◆ Activity:
Everything from the line that contains "После этого нажмите" through the last line below should be transcribed exactly, except the pictures.

◇ ◇ ◇ ◇ ◇ ◇ ◇

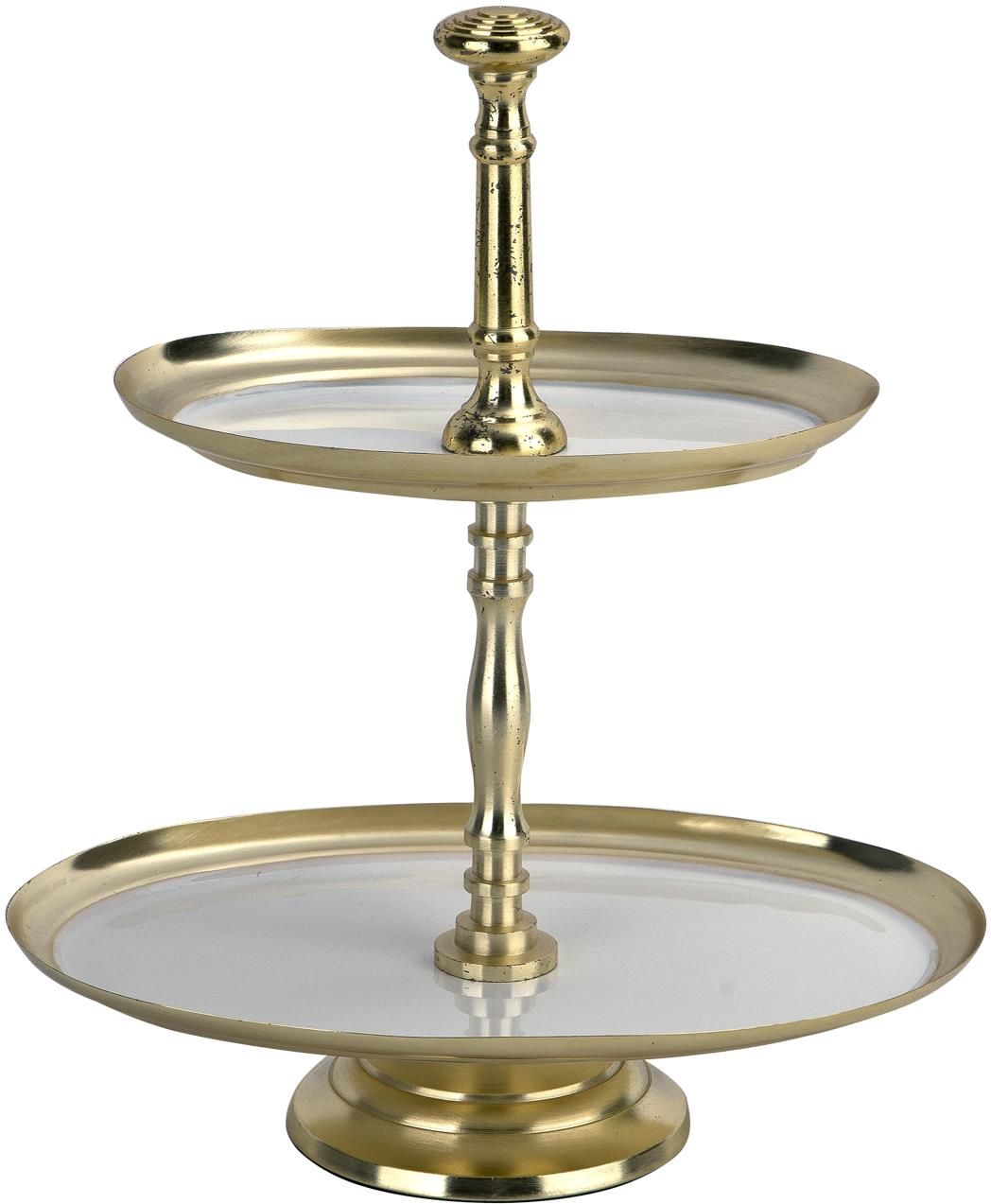 Patera metalowa dwupoziomowa owalna z białym szkliwem 2975 Dwustopniowa patera metalowa w kolorze złota. Posiada dwa owalne talerze, których powierzchnia pokryta jest białym szkliwem. Bardzo praktyczny element wyposażenia domu. Służy przede wszystkim celom dekoracyjnym. Posiada od spodu miękkie podłoże, które zapobiega zarysowaniom na wszelkich powierzchniach. Służy do serwowania ciasta, ciastek i innych wypieków. Dwa poziomy sprawiają, że etażera więcej pomieści nie zajmując jednocześnie miejsca na stole. Metalowa konstrukcja sprawia, że produkt jest odporny na uszkodzenia. Będzie trwały i użyteczny przez długie lata. Szerokość (cm): 18,5 Wysokość (cm): 31 Długość/głębokość (cm): 26,5 Waga (kg): 0,76 Kolor: złoty Można myć w zmywarce: Nie Kształt: Owalny Materiał wykonania: Metal nr katalogowy (328864)
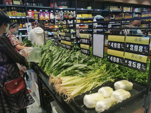 民生食品的价格变化不大,叶菜类4—5元/斤,生鲜五花猪肉一份12元左右。
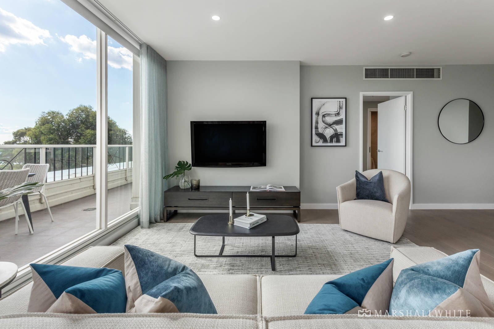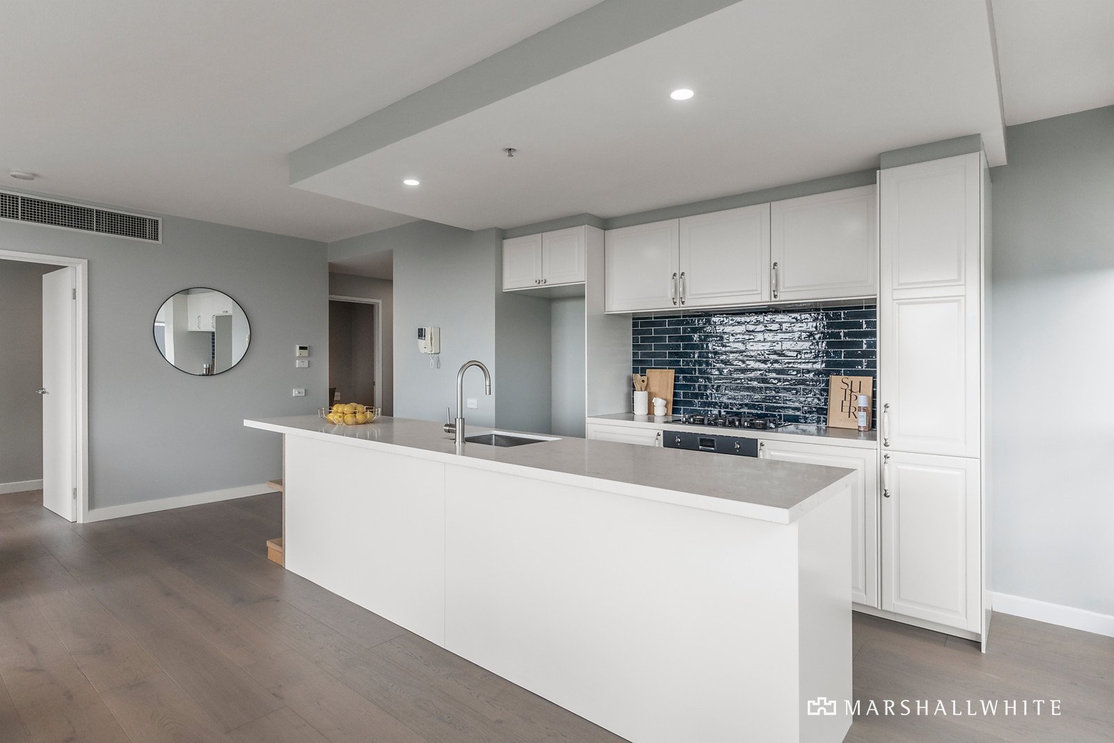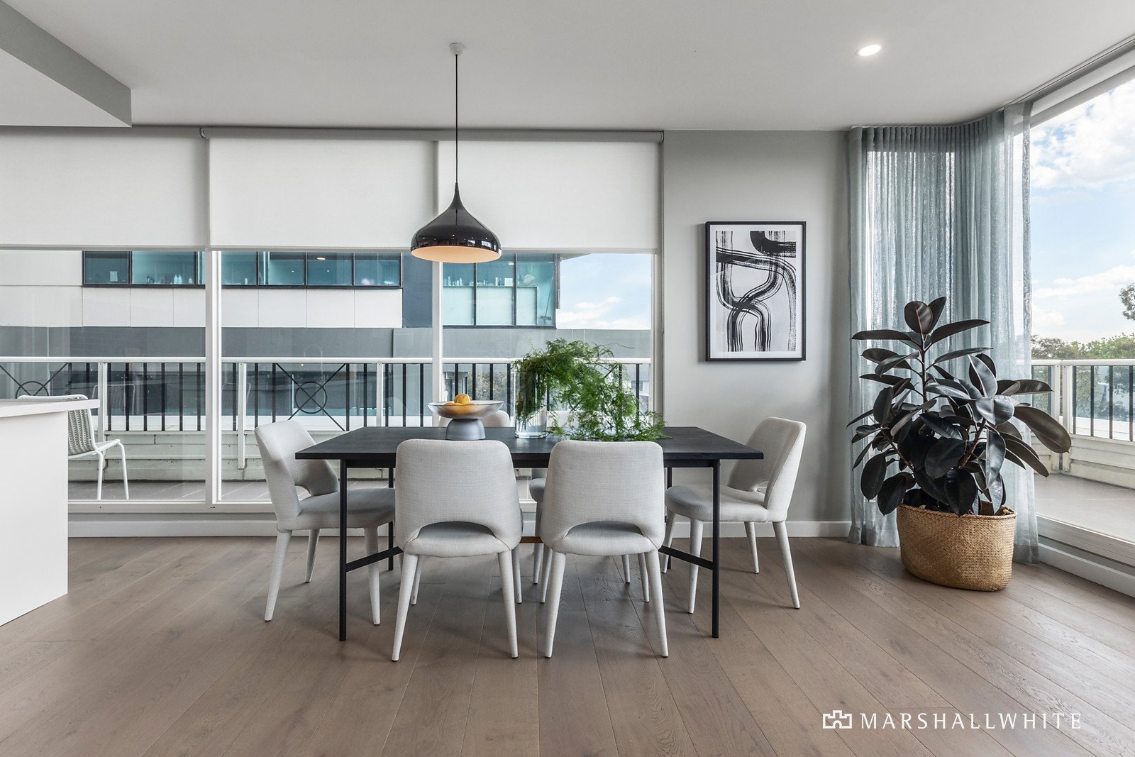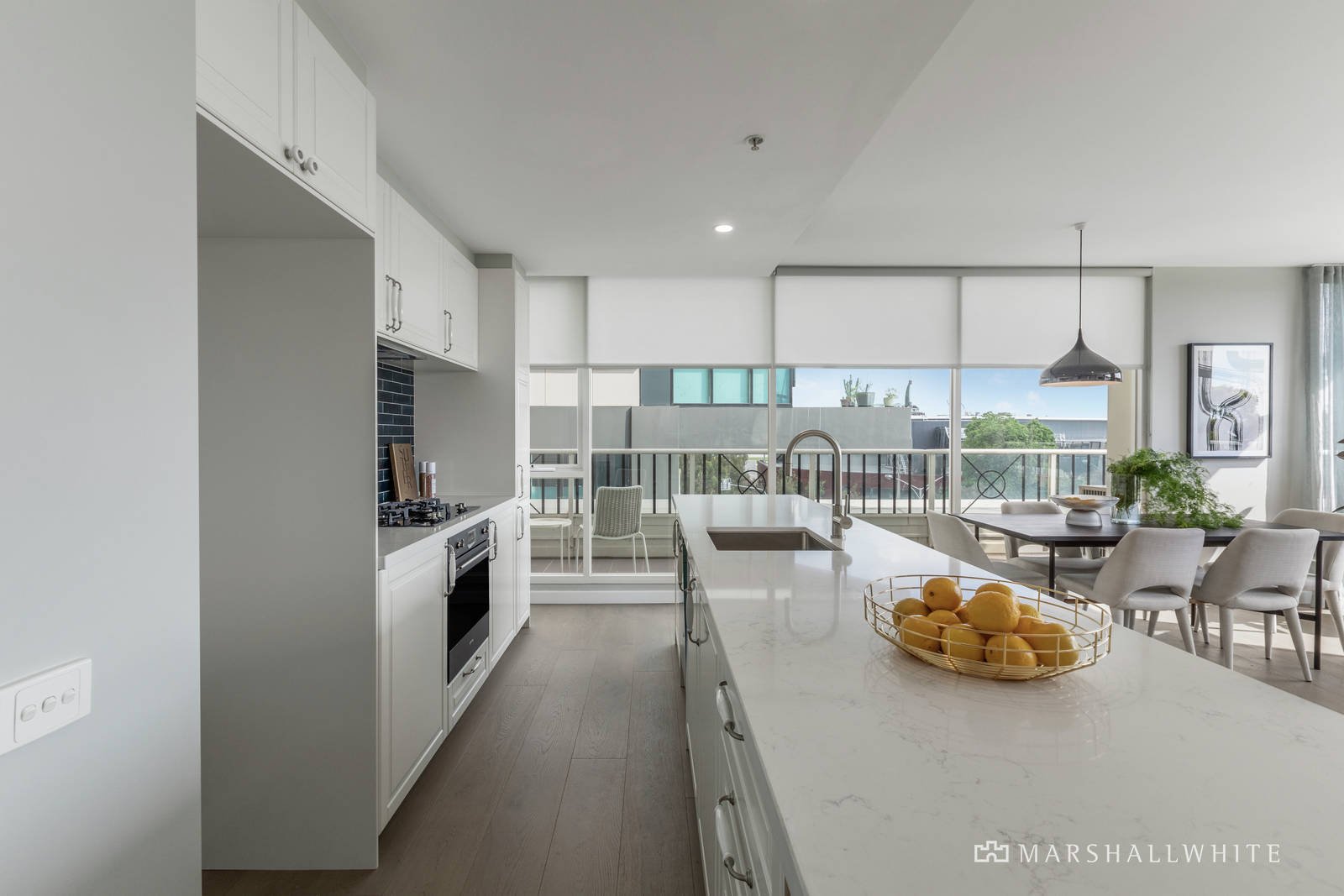 Instantly engaging and with a seamless connection to the balcony through huge windows and sliding doors, the open-plan living area is underpinned by a flawless kitchen in which vast, new, stone kitchen benches are complemented by a suite of superior SMEG appliances. Indeed, with an astounding attention to detail, every element of the renovation has been meticulously planned, extending to themed Italian tiling in the kitchen, the main bathroom and the master ensuite, as well as engineered Oak flooring throughout, a Franke kitchen tap and sink, block-out blinds, sheer curtains and even the custom plating of the ensuite's claw bath to match the tapware.
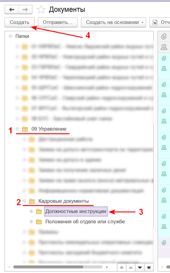 Откройте папку "09 Управление" -> "Кадровые документы" -> "Должностные инструкции". После этого нажмите на кнопку "Создать".
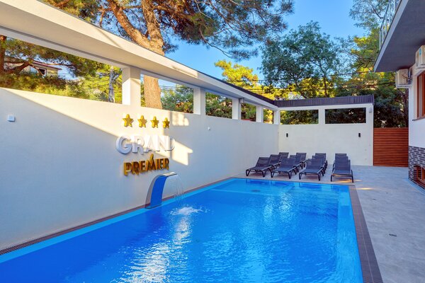 Отель «Гранд Премьер» открыл свои двери в июле 2023 года. Гостям предоставлен подогреваемый бассейн с детской зоной, работающий круглый год, а также две сауны: финская и инфракрасная. На крыше отеля расположено кафе-бар с великолепным панорамным видом на Геленджикскую бухту. В кафе гостям предлагают завтрак в формате «Шведский стол» и блюда русской и европейской кухни. Все номера отеля оборудованы новой мебелью, современной техникой и имеют собственные ванные комнаты.

◇ ◇ ◇ ◇ ◇ ◇ ◇

◆ Answer for this exercise:
 Откройте папку "09 Управление" -> "Кадровые документы" -> "Должностные инструкции". После этого нажмите на кнопку "Создать".
 Отель «Гранд Премьер» открыл свои двери в июле 2023 года. Гостям предоставлен подогреваемый бассейн с детской зоной, работающий круглый год, а также две сауны: финская и инфракрасная. На крыше отеля расположено кафе-бар с великолепным панорамным видом на Геленджикскую бухту. В кафе гостям предлагают завтрак в формате «Шведский стол» и блюда русской и европейской кухни. Все номера отеля оборудованы новой мебелью, современной техникой и имеют собственные ванные комнаты.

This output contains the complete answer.